REQUIRED ACTION: Transcribe exactly the lines below that begin at the line with "すみだ水族館スタッフによる恋" and stop after the line with "La Via Crucis", leaving out every picture.

MATERIAL SUPPLIED:
*** Block opens ***
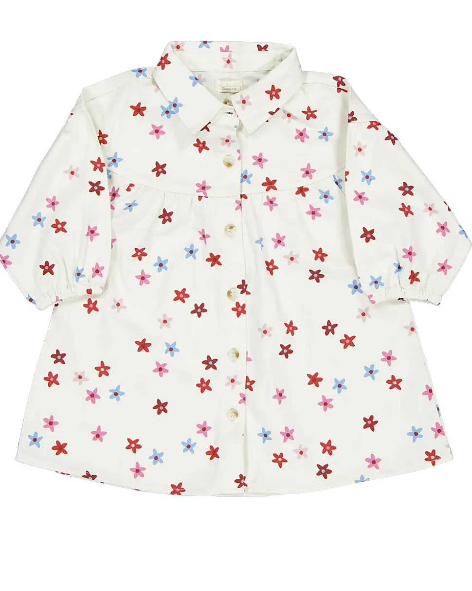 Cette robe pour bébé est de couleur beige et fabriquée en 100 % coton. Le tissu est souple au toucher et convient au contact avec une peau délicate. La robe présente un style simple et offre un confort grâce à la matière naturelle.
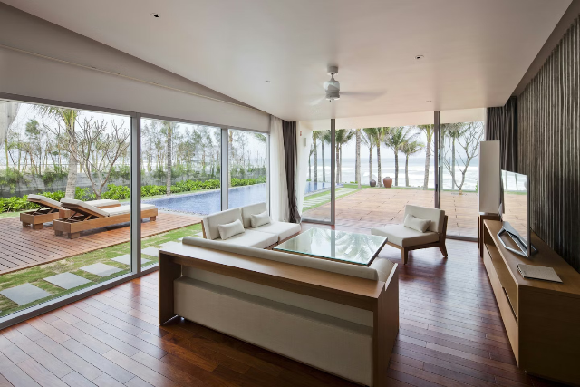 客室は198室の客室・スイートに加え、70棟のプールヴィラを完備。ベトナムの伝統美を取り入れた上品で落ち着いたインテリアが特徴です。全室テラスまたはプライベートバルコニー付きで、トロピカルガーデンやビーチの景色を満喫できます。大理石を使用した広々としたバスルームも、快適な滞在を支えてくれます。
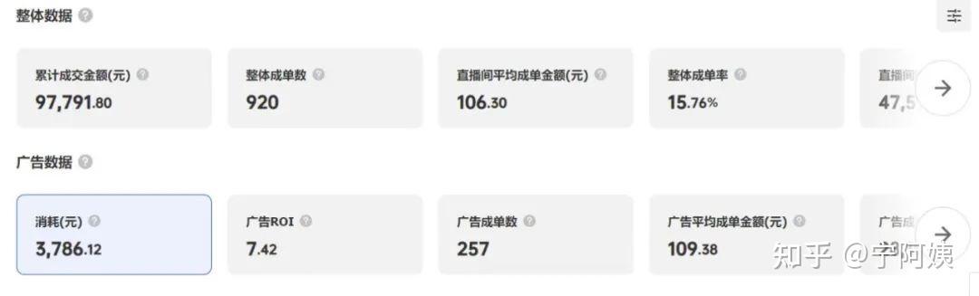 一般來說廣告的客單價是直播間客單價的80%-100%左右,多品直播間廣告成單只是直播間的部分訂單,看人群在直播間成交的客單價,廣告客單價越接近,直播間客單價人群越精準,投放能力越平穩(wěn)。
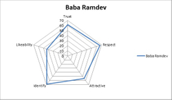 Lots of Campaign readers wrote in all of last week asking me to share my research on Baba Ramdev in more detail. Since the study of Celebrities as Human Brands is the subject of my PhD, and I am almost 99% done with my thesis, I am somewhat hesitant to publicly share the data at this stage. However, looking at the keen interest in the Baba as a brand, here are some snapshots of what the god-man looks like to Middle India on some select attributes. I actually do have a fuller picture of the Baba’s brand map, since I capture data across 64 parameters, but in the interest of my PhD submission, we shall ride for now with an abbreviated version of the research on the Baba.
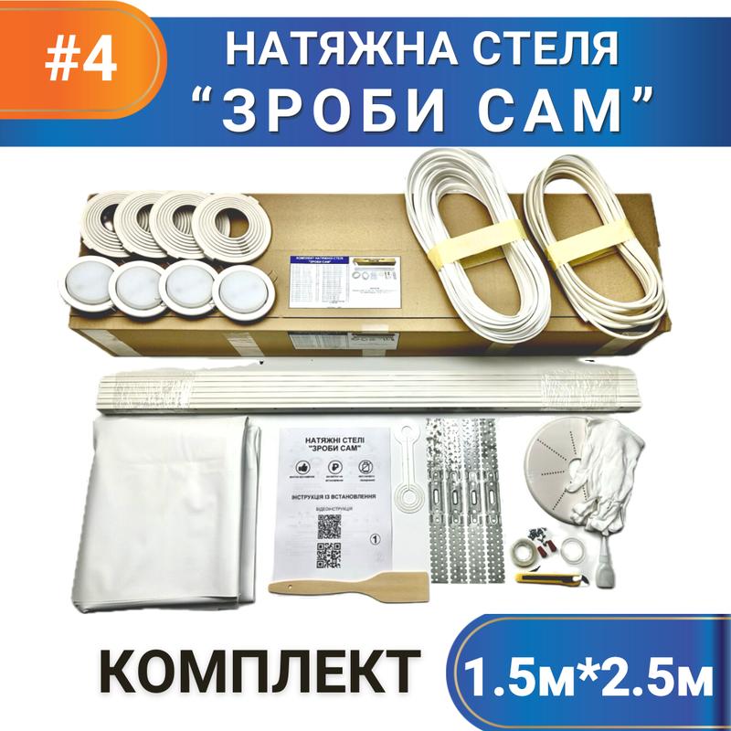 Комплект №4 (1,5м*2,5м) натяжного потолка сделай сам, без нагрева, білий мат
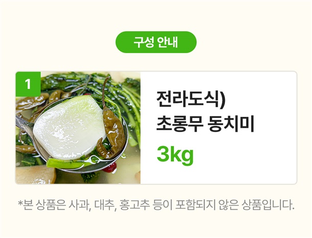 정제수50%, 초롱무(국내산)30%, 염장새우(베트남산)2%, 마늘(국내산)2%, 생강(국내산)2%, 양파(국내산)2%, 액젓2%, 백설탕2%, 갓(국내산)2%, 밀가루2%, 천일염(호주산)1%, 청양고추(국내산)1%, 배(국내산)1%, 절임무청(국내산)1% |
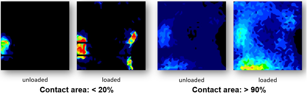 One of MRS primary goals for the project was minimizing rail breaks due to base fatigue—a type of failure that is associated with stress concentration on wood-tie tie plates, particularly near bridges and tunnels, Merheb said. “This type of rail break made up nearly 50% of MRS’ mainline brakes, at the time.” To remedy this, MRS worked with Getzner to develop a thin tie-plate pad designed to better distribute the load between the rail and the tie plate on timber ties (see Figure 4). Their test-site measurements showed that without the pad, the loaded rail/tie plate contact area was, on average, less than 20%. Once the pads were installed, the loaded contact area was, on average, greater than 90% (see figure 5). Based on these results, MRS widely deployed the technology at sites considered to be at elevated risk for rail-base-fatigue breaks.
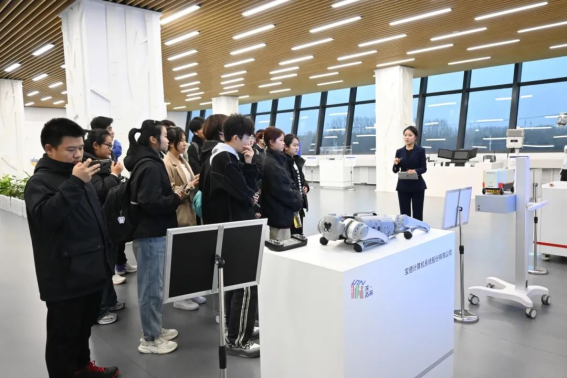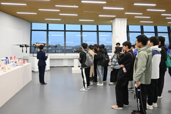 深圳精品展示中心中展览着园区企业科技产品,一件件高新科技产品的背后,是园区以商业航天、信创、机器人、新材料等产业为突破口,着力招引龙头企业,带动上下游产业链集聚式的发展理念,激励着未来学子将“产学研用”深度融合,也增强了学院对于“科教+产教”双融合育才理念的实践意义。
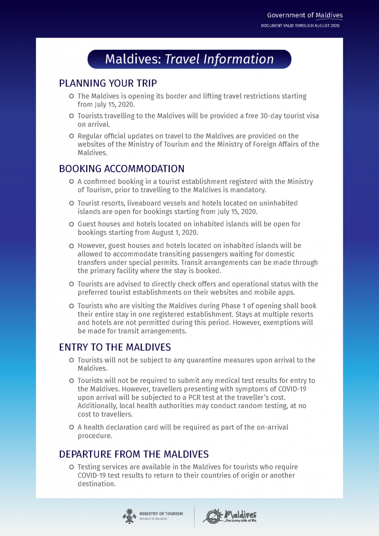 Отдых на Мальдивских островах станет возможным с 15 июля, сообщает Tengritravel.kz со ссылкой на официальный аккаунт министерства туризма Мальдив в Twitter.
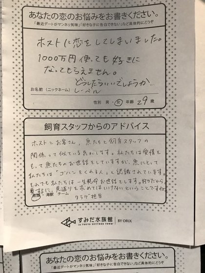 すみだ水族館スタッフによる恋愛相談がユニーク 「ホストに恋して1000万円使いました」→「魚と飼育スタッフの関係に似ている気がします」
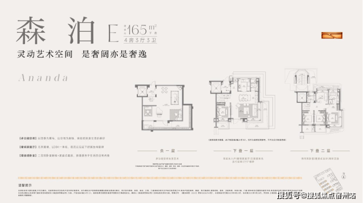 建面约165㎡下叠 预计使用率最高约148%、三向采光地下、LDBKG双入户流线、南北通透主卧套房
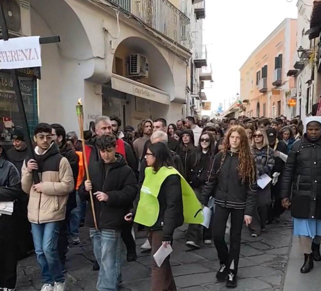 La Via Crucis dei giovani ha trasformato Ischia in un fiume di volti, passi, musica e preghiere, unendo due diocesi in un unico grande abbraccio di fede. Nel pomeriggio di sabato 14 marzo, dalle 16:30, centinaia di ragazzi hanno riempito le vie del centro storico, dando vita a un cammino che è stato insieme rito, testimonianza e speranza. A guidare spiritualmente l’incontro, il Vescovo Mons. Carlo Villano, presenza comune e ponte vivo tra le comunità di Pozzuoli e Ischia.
*** Block closes ***
*** Block opens ***
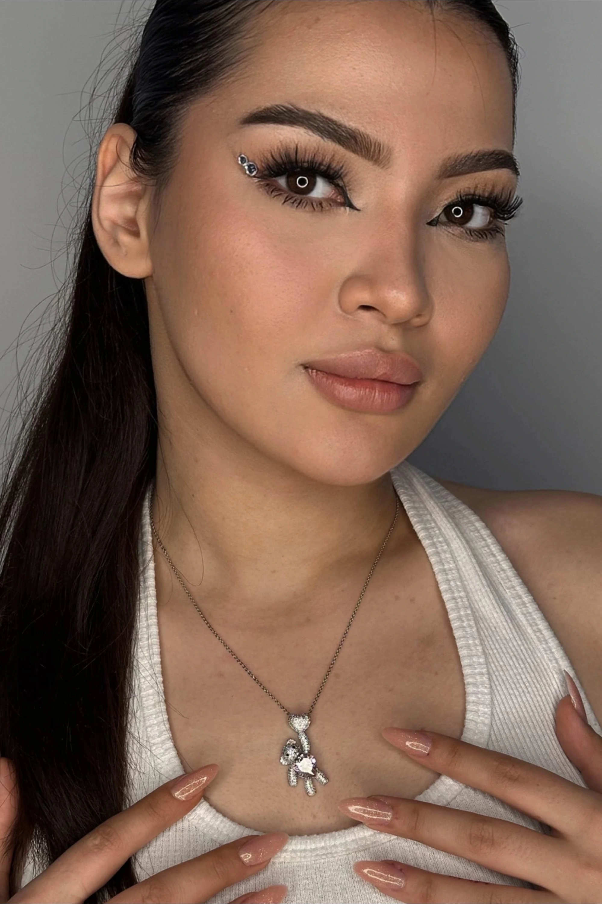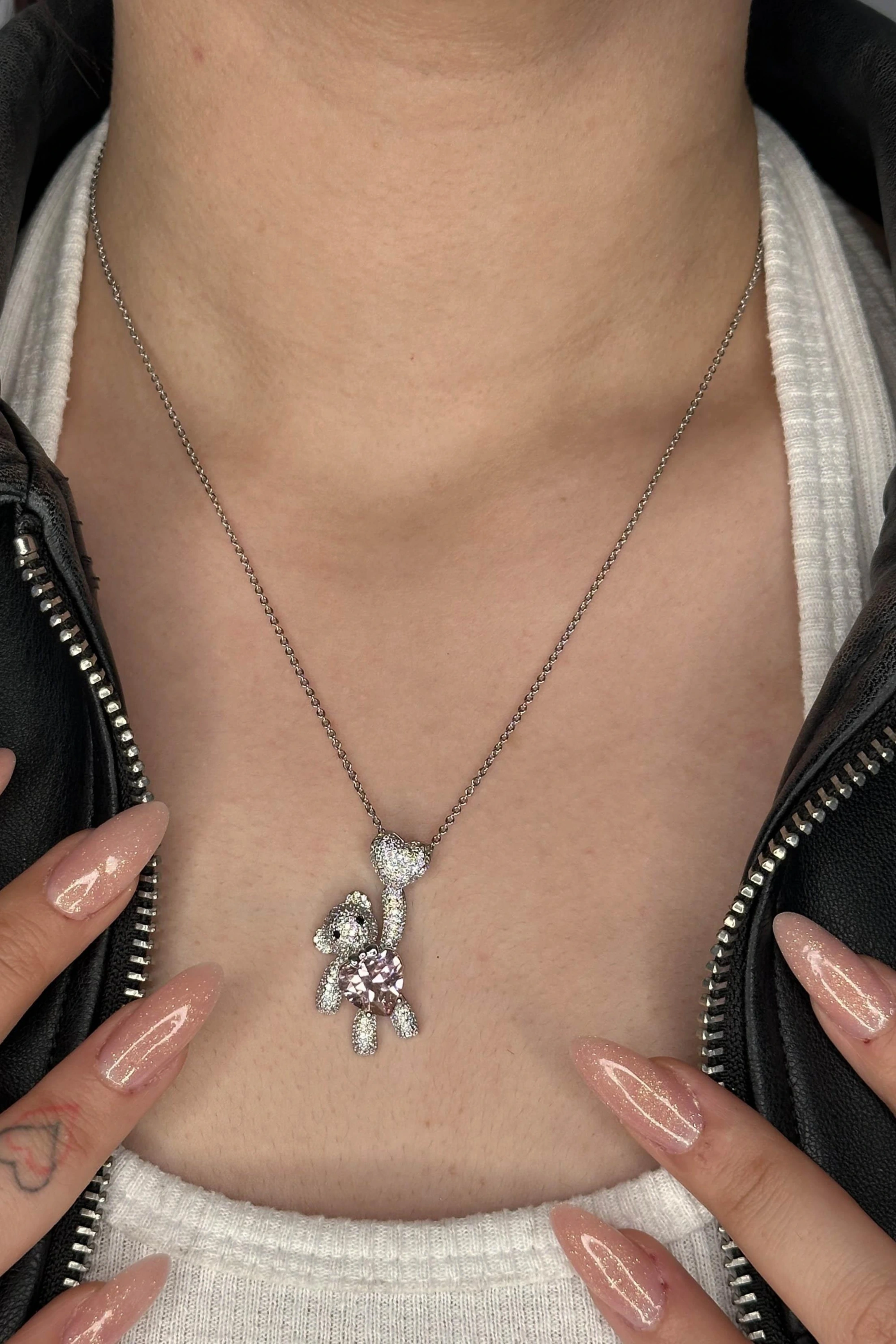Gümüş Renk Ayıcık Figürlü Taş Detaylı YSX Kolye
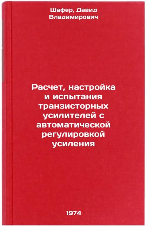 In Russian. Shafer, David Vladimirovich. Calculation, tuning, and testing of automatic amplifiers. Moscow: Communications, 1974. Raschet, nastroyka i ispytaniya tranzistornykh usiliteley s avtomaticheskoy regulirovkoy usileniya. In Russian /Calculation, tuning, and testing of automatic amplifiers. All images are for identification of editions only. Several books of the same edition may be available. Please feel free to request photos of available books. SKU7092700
*** Block closes ***
*** Block opens ***
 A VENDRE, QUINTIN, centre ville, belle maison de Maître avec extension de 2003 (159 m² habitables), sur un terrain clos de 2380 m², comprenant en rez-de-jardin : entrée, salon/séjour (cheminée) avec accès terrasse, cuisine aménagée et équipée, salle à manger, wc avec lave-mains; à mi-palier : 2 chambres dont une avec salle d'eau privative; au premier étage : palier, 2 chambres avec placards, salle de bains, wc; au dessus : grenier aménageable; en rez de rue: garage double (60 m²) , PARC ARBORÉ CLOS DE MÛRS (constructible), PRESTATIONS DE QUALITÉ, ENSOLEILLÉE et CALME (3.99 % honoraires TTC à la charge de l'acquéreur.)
*** Block closes ***
REPLY:
 すみだ水族館スタッフによる恋愛相談がユニーク 「ホストに恋して1000万円使いました」→「魚と飼育スタッフの関係に似ている気がします」
 建面约165㎡下叠 预计使用率最高约148%、三向采光地下、LDBKG双入户流线、南北通透主卧套房
 La Via Crucis dei giovani ha trasformato Ischia in un fiume di volti, passi, musica e preghiere, unendo due diocesi in un unico grande abbraccio di fede. Nel pomeriggio di sabato 14 marzo, dalle 16:30, centinaia di ragazzi hanno riempito le vie del centro storico, dando vita a un cammino che è stato insieme rito, testimonianza e speranza. A guidare spiritualmente l’incontro, il Vescovo Mons. Carlo Villano, presenza comune e ponte vivo tra le comunità di Pozzuoli e Ischia.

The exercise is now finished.